We think that this is necessary, and we're trying to do that to be able to maintain, let's say, the same margins, at least in absolute term also in 2023. A little more detail about the countries. U.S., we mentioned spending, construction is going to decline, likely thanks to the fact that anyway we will remain close to full capacity utilization. Pricing power should be there to be able to offset the increasing costs, which we are still seeing to a large extent in many cost items. Hopefully, the infrastructure spending will somehow offset the decline in original.
The, this infrastructure spending is not entering the market very clearly yet, but it should moving on in the next few months. This is the brief scenario which does not discount or does not consider a clear recession or some other stronger economic difficulties again, which may also occur but are not the base scenario. In Italy also, we will see the market trending slightly down again. The commercial sector affected, less, also, subsidies to renovation, available to the private individuals and slow implementation of the how is it called in English? I don't remember.
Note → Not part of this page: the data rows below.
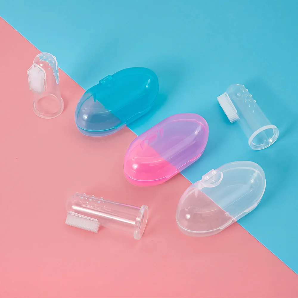 Детская Силиконовая зубная щетка на палец + коробка детские зубы Прозрачная мягкая силиконовая зубная щетка для младенцев резиновая Чистка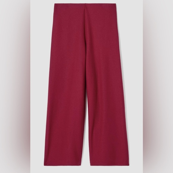 A drapey wide-leg pant with an ankle-baring length and comfortable elastic waist. Soft and structured, in our boiled wool knit.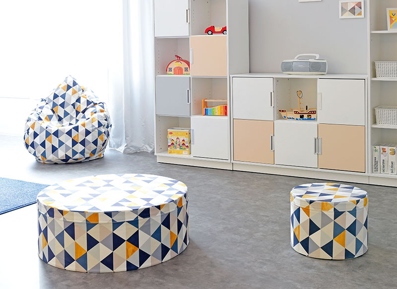 Zachte kleine poef met driehoekjes motief. Lekker comfortabel voor in de buitenschoolse opvang.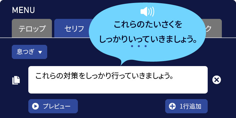 テロップはそのままに、「セリフ」の「行って」の部分をひらがなに変更します。そうする事で、「おこなっていきましょう」と読ませる事ができます。

NextGenerationEU plan, which is, I read a newspaper every day, not too easy to implement and open the job site related to this money, which is theoretically available, but not easy to be able to spend it in a short time or quick way like someone would expect or would have thought initially. In terms of Europe, including Poland and Czechia, so the European countries, similar outlook for the volumes. Some public support to infrastructure residential renovation should be able to offset what is likely to go down in construction investment.
Here, for example, in Germany, we must be focused on the prices because our cost structure dramatically changed due to the fact that last year energy was hedged at a very, very low level, let's say, compared to the market. The hedges have come to an end, and they have expired. Yes, we know already what is going to be the price. We have new hedges for the 2023 prices, but they are at a total different level versus 2022. The Americas, a more favorable situation. We see Mexico to remain robust in terms of demand. There's a lot of activity related to the so-called nearshoring. More stable energy prices also there. The outlook is not.
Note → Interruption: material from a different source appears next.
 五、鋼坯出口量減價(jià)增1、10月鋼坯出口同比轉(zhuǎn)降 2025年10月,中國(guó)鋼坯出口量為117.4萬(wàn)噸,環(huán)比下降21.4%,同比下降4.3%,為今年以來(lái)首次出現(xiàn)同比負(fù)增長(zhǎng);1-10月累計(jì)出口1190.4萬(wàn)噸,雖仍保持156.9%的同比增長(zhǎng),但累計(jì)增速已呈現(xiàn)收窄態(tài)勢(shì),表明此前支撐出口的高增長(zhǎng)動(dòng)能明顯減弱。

For now we see results in our outlook, we can see results improving there, thanks to, again, stronger demand, better prices, and more cost stability. Brazil, probably not necessary positive sign or favorable sign in demand. Yes, not even negative or if negative, slightly negative. Price improvements are expected also there. The performance should be should close with a plus sign versus last year there too. We do not make any assumption about Russia, which has been actually a strong contributor to the 2022 results, because we don't have enough information.
Even with the current government structure, we have to wait for actual results. We actually do not have an outlook for the full year. implicitly, let's say, in an implicit way, we assume that at least in ruble terms, the results could be the same as last year. We don't know. When we say that we expect our group or consolidated results to remain favorable versus 2022, we have again an implicit assumption about Russia, but actually we don't have a precise outlook on that market.
We think that, again, beside that market, assuming that market remains stable, also the rest, with some differences, some year better, some year, let's say, less, not as good as 2022, should perform in a very similar way. The main concern, if you wish, is the trend of volumes, which we do assume negative, if it turns out to be more negative than expected, we may suffer more in the operating results. This is a bit of a question mark, it will become more clear, let's say, going forward after the Q1.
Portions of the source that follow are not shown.